Past papers will not help you predict the questions or topics that are likely to come up in exams but you can use them to:
- Assess whether you have learnt the material;
- Identify gaps in your knowledge.
To access past papers to help with your revision, please click on the exam board links below:
- AQA Exam Board Past Papers; [https://www.aqa.org.uk/find-past-papers-and-mark-schemes]
- Edexcel Exam Board Past Papers; [https://qualifications.pearson.com/en/support/support-topics/exams/past-papers.html]
- OCR Exam Board Past Papers; [https://www.ocr.org.uk/qualifications/past-paper-finder/]
- EDUQAS Exam Board Past Papers. [https://www.eduqas.co.uk/home/past-papers/]
|English Language||AQA||Art & Design (Fine Art)||AQA|
|English Literature||AQA||Biology B||EdExcel|
|Science Trilogy (Combined)||AQA||Chemistry||EdExcel|
|Art & Design (Fine Art)||AQA||Computer Science||AQA|
|Art & Design (Photography)||AQA||Drama & Theatre||EdExcel|
|Design & Technology||AQA||Psychology||AQA|
|Food & Nutrition||EDUQAS|
|Health & Social Care (Cambridge National)||OCR|
|Creative iMedia (Cambridge National)||OCR|
Before the Examination
Again, everyone has their own personal routines, but these tips could make the difference:
- Ensure you know the correct time, date and venue of the exam
- Prepare resources the night before (i.e. calculator, pen, pencil etc.)
- Get a good night’s sleep.
- Have a good breakfast and stay hydrated
- Don’t be put off by what others say.
- Think positively; don’t underestimate yourself.
- Visualise your revision material and remain calm.
During the Examination
It’s important to remain focused during an examination. If you have put in the hours preparing, then the exam is just a chance for you to showcase your talent!

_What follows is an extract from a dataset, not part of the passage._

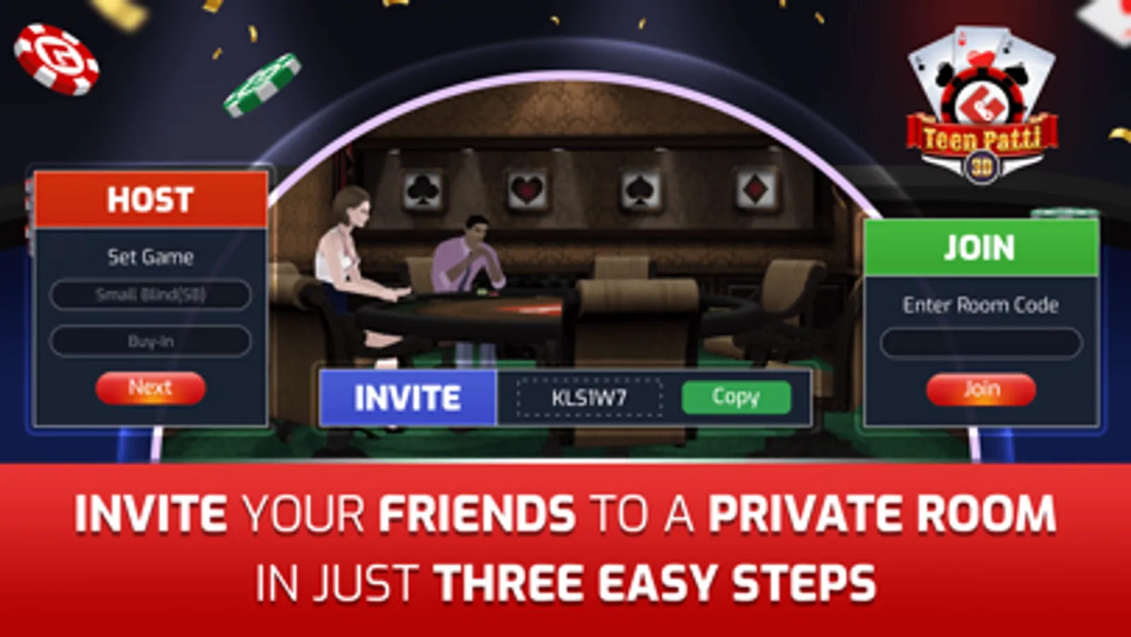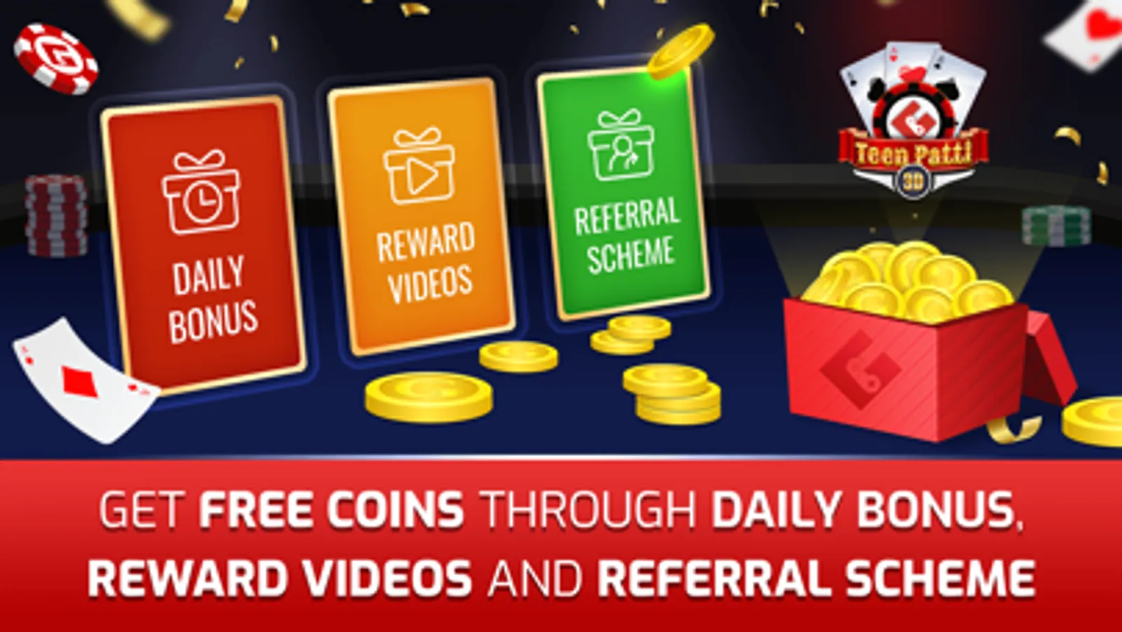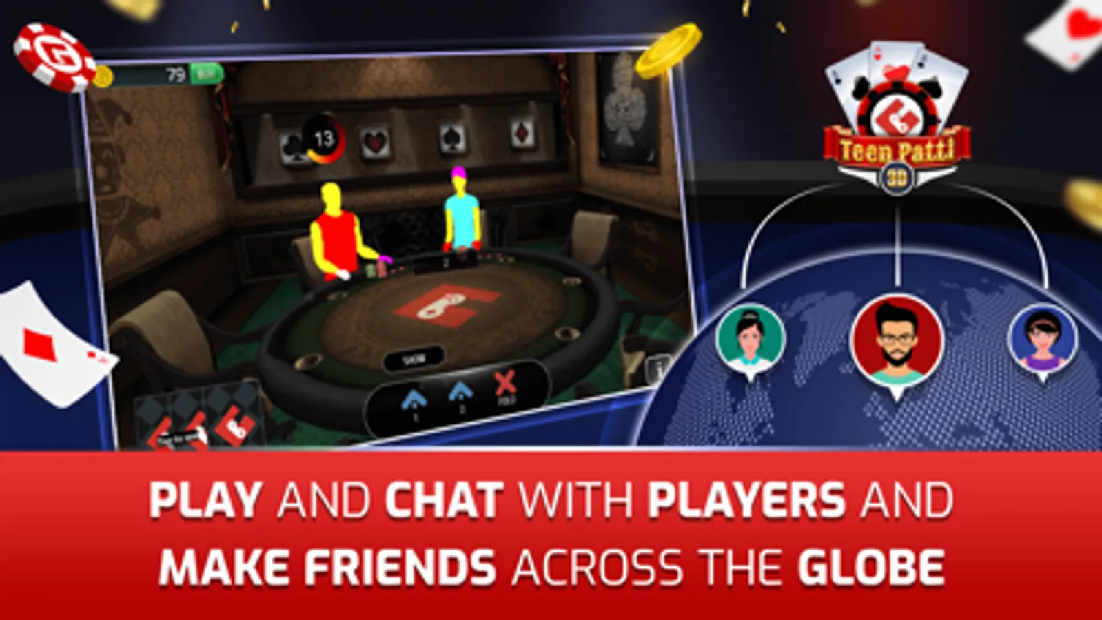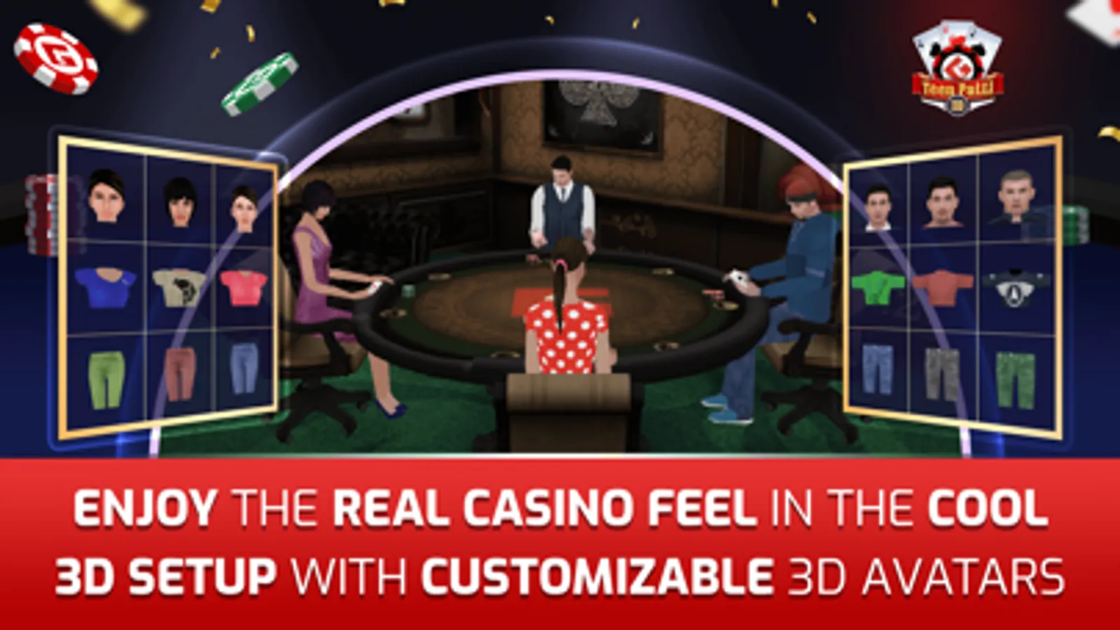 Play the exciting game of Teen Patti for free with millions of players across the globe, that too in 3D.
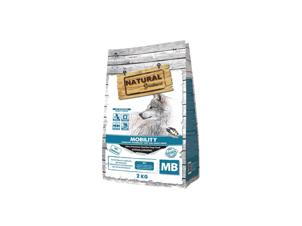 Natural Greatness Mobility je kompletní, hypoalergenní krmivo bez obilovin na doporučení veterinárního lékaře, určené pro všechna plemena dospělých psů, kteří potřebují podpůrnou stravu pro stavy, jako je osteoartritida. Toto krmivo je vyrobeno z lososa jako jediného zdroje živočišných bílkovin. Vyznačuje se vysokým obsahem Omega-3, EPA, DHA, vitamínu E, glukosaminu, chondroitinu a MSM. Přídavek MSM je životně důležitý, protože podporuje metabolismus chrupavky, inhibuje ztrátu a přispívá k její regeneraci.

- Read the question carefully. Read it more than once and take time to think about your answer
- Save time by not repeating the question.
- Use the amount of marks to gauge how many points to make.
- Understand the command words (describe, list, evaluate, explain etc.)
- Re-read your answers and double check you have included everything.
After the examination:
Time to reflect on the exam and ask yourself the following questions:
- What did you do well?
- What have you learnt for the next examination?
- What do you need to improve next time?
Coping with GCSEs and A Levels
- The work you do now is extremely important.
- Work hard now and you will be better prepared. Never settle for a first draft of work. You can always improve.
- Complete all classwork and homework! Missing work could potentially cost you marks and that grade you want to achieve.
- At the end of the day you study for yourself and your bright and wonderful future!
Planning a Successful Journey through Exams
- Become familiar with the way that each exam course is taught.
- Be clear about what is being examined and how.
- Know when examinations are due to take place.
- Look ahead and see how the programme being studied has been prepared.
- Look ahead and anticipate times when work has to be complete and passed on for assessment.
When students receive a full examination timetable check the dates and add them to calendars and planners.